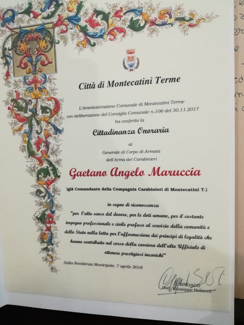 A Maruccia, già comandante della compagnia di Montecatini dal 1984 al 1989, un emozionato sindaco Bellandi ha conferito la cittadinanza onoraria con una pergamena riportante la dicitura "In segno di riconoscenza, per l'alto senso del dovere, per le doti umane, per il costante impegno professionale e civile profuso al servizio della comunità e dello Stato nella lotta per l'affermazione dei principi di legalità, che hanno contribuito nel corso della carriera dell'Alto Ufficiale di ottenere prestigiosi incarichi".
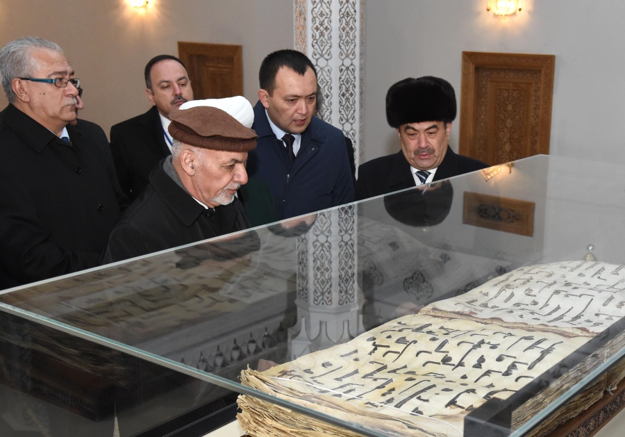 The President of the Islamic Republic of Afghanistan Mohammad Ashraf Ghani visited the Khazrati Imam (Hastimam) complex, in Tashkent.
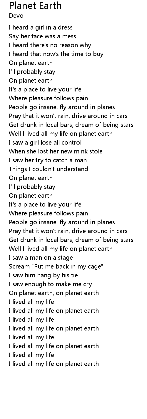 Well I lived all my life on planet earth |
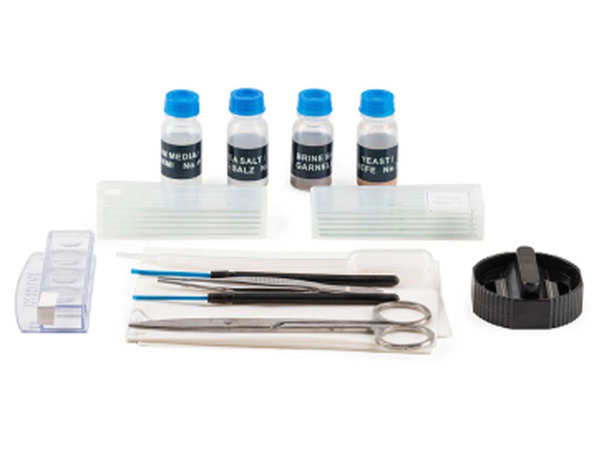 Комплект поставки містить різноманітні аксесуари: підготовлені слайди, ємності з біологічним матеріалом, мікротом, пінцет та інші необхідні інструменти для повноцінного навчання та самостійних експериментів.
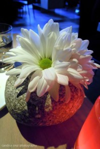 The first thing that we both noticed and commented on after being seated inside the restaurant was the decor, more specifically the use of wood on the walls and on the ceiling. The atmosphere and ambience in Market is relaxed yet chic and refined. The decor was simple yet interesting at the same time. They had these cool rock vases holding daisies on each table. The rocks are real, believe it or not, with a hole drilled into them so they can hold water and the flowers.
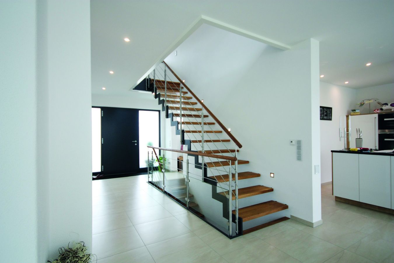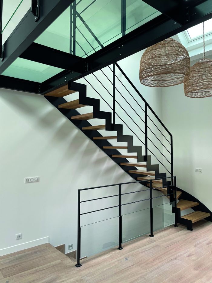 Stahlwangentreppe Ferro mit Glasgeländer und Holzhandlauf Treppenmeister 5072a
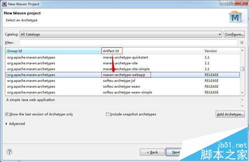 4、在Artifact Id中选择maven-archetype-webapp,如下图所示:
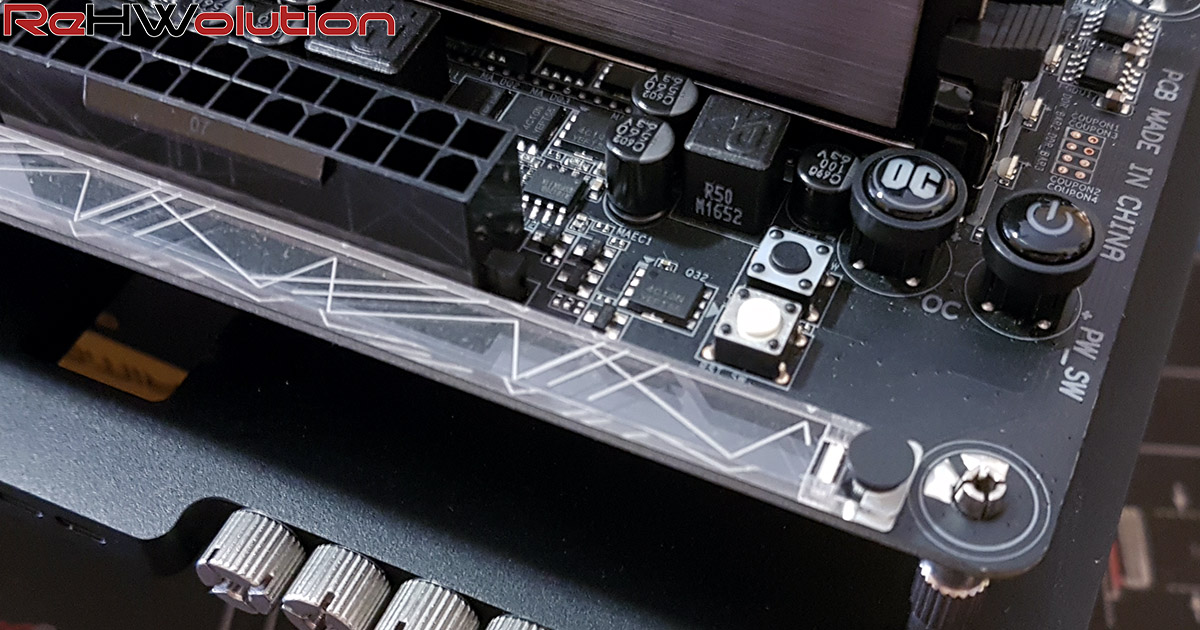 Altra particolarità, è la presenza di tasti onboard per l’avvio ed il reset del sistema, per il CMOS e per la modalità di OC automatica.
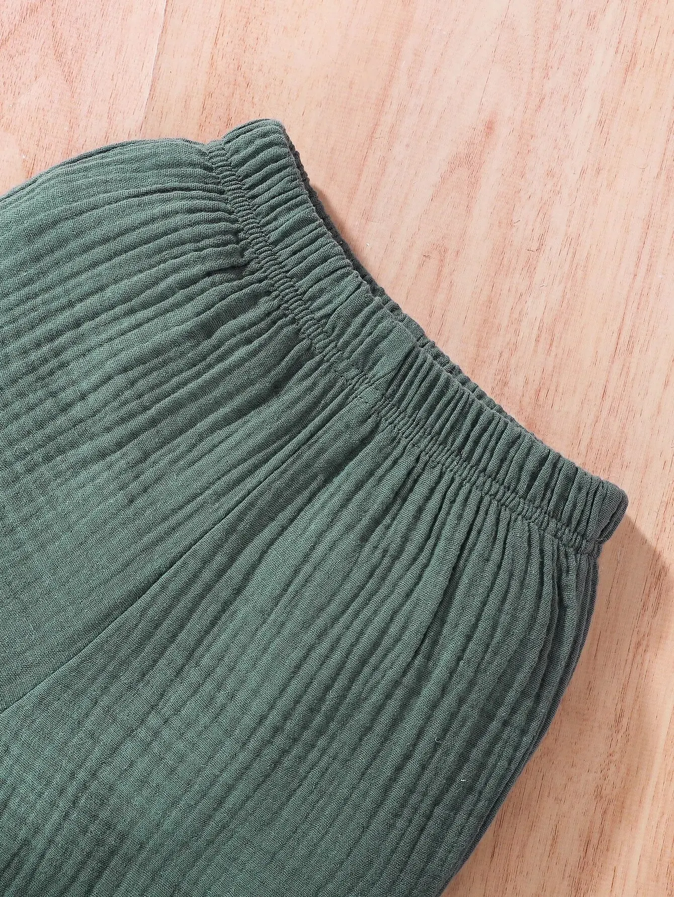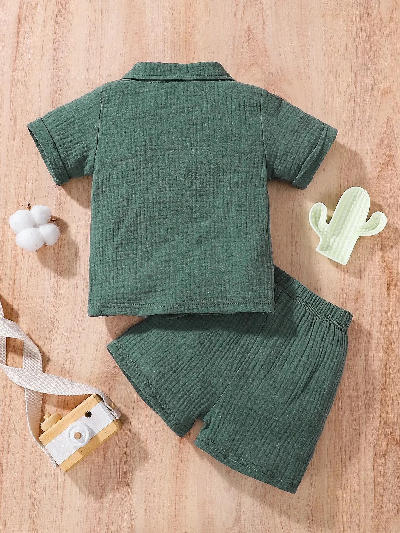 2-Piece Summer Solid Color Casual Shirt for Boys and Girls Fresh and Comfortable Cotton Shorts Set
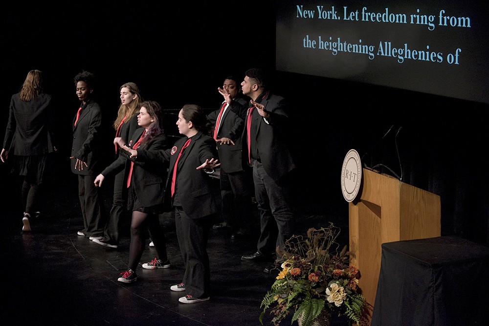 Performance group Dangerous Signs performed at the Let Freedom Ring: Commemorating Dr. Martin Luther King, Jr. celebration today. RIT students, faculty and staff assembled in Ingle Auditorium for a program honoring Kingââ¬â¢s life and work on his birthday. Next Thursday, Jan. 25, RIT will host the 36th annual Expressions of Kingââ¬â¢s Legacy celebration, featuring BET News host and CNN political contributor Marc Lamont Hill as keynote speaker, with additional performances by Rochester soul band Danielle Ponder and the Tomorrow People and poet Reenah Golden.

**WORK ITEM**
Set the entire listing down again, exact in every line, without any pictures.

**OUTPUT BELOW**
 A Maruccia, già comandante della compagnia di Montecatini dal 1984 al 1989, un emozionato sindaco Bellandi ha conferito la cittadinanza onoraria con una pergamena riportante la dicitura "In segno di riconoscenza, per l'alto senso del dovere, per le doti umane, per il costante impegno professionale e civile profuso al servizio della comunità e dello Stato nella lotta per l'affermazione dei principi di legalità, che hanno contribuito nel corso della carriera dell'Alto Ufficiale di ottenere prestigiosi incarichi".
 The President of the Islamic Republic of Afghanistan Mohammad Ashraf Ghani visited the Khazrati Imam (Hastimam) complex, in Tashkent.
 Well I lived all my life on planet earth |
 Комплект поставки містить різноманітні аксесуари: підготовлені слайди, ємності з біологічним матеріалом, мікротом, пінцет та інші необхідні інструменти для повноцінного навчання та самостійних експериментів.
 The first thing that we both noticed and commented on after being seated inside the restaurant was the decor, more specifically the use of wood on the walls and on the ceiling. The atmosphere and ambience in Market is relaxed yet chic and refined. The decor was simple yet interesting at the same time. They had these cool rock vases holding daisies on each table. The rocks are real, believe it or not, with a hole drilled into them so they can hold water and the flowers.
 Stahlwangentreppe Ferro mit Glasgeländer und Holzhandlauf Treppenmeister 5072a
 4、在Artifact Id中选择maven-archetype-webapp,如下图所示:
 Altra particolarità, è la presenza di tasti onboard per l’avvio ed il reset del sistema, per il CMOS e per la modalità di OC automatica.
 2-Piece Summer Solid Color Casual Shirt for Boys and Girls Fresh and Comfortable Cotton Shorts Set
 Performance group Dangerous Signs performed at the Let Freedom Ring: Commemorating Dr. Martin Luther King, Jr. celebration today. RIT students, faculty and staff assembled in Ingle Auditorium for a program honoring Kingââ¬â¢s life and work on his birthday. Next Thursday, Jan. 25, RIT will host the 36th annual Expressions of Kingââ¬â¢s Legacy celebration, featuring BET News host and CNN political contributor Marc Lamont Hill as keynote speaker, with additional performances by Rochester soul band Danielle Ponder and the Tomorrow People and poet Reenah Golden.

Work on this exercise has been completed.